I nodded, pausing for a breath. He was friggin heavy as shit to encourage along. “Yes. We all run.” I pointed to my friends.

He nodded, his bottom lip bouncing with the effort his head was making. “We run. Troll run. All run.”

“Yes.” I was about to say something else, I don’t remember what, but it never happened. I was swept up into the troll’s arms along with Spike, Jared, Scrum, and Tony, and suddenly we were moving. I found myself with my face squashed into the belly button of the troll, and he was running faster than I would have imagined possible.

“Oh my god,” I mumbled past the stink, “I’m going to die.”

Tim was suddenly buzzing by my ear. “This is why we call karma a bitch, Lellemental.” He giggled with the glee of his revenge, which was his second mistake after his first, which was getting too close to me. He was too distracted with his own awesomeness to recognize mine when it was in motion.

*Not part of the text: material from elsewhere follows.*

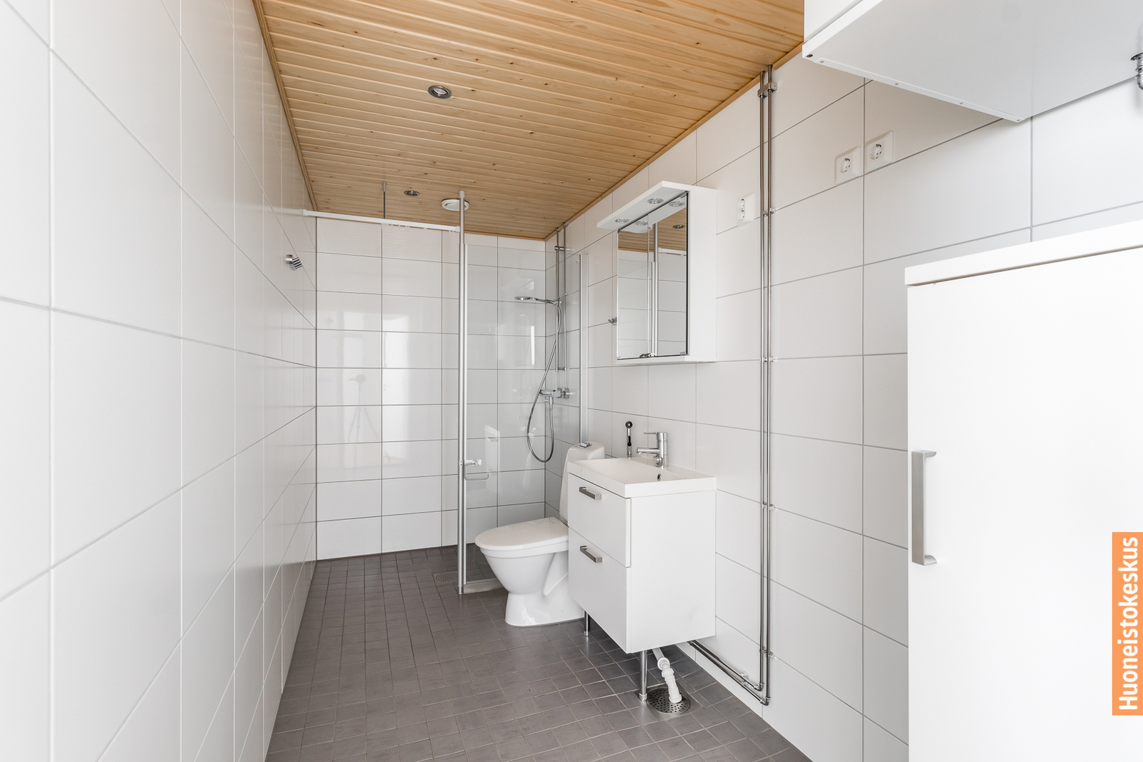 | Kylpyhuoneen kuvaus | Pesukoneliitäntä, suihkuseinä, wc-istuin, allaskaappi, peilikaappi, suihku ja kiinteät valaisimet, seinät (kaakeli), lattiat (laatta) |

I snagged him from the air next to my ear using my kickass ninja snatching skills and held him right next to my face, grinning like a madwoman as the breeze fluffed my hair. His face went pale green with fear and the regret that he wasn’t nearly as badass as I was. “Why yes it is, my little buttnugget. Yes it is.” I forgot that I was buried up to my neck in troll belly button lint and laughed like I hadn’t in years.

Running from angry villagers in the arms of a hungry troll made me a little nutty. I learned that about myself that day.

Chapter Twenty-Four

WE WENT FAR AND FAST enough to outrun even the most curious villager. The troll finally put us down in an area that was full of trees and had fewer of the scrubby bushes plentiful where Ish’s hut was. Those of us held in the arms of the troll weren’t nearly as breathless as our other friends, but we sure did have a special odor to us.

Tim was busy rubbing himself all over with needles from a pine tree, but I could have told him it was going to be about as effective as the air fresheners they used in the public restroom. Troll stink was seriously potent. I tried to ignore it and focus on our bigger problem instead.

“Ish, do you know where the entrances to your Otherworlds are?”

He was mopping his brow, his face beet red and his shoulders slumped. He’d done a great job of not losing sight of us or the girls and Finn who’d been trying to keep up with the surprisingly fast sprinting troll, but I could tell he’d spent more miles on dragonback than he had on his own feet for a long time by the way he was breathing.

“I do not, but I am willing to ask Othello for this information. He travels the world alone often. It is also possible I have flown over its location without knowing.”

I nodded, looking around at my friends. Jared was the only one who didn’t appear to be suffering the effects of either the run or the stink. Talk about cool. I walked over to him and waited for Tony to join us before sharing my thoughts.

“Operation Find the Entrance to One of the Otherwords. That’s my grand plan. What do you think?”

“I think it’s a good start.”

“Do you have any other ideas?” Tony asked Jared.

“I think we need to discuss our options.” He motioned for the others to join us, and we all sat down in a circle, some of us taking up ground space, and others finding logs or large rocks to sit on. The coolness offered by the tall trees and the slightly higher elevation was a very welcome change from the almost desert-like environment by the village.

“Here’s what I see as potential issues and options.” He pushed on his first finger, looking at me. “We have a prophecy or a hint of some sort, delivered by the witch to Jayne.”

“The one I can’t remember. Great.”

Jared looked at Sam. “I want you to try to get in her head and get that memory out of there.”

I looked around to see if any of my friends were as concerned by that idea as I was, but it appeared as if I was the only one thinking Sam as a brain surgeon was a non-starter. I raised my hand to complain, but I was cut off by Felicia.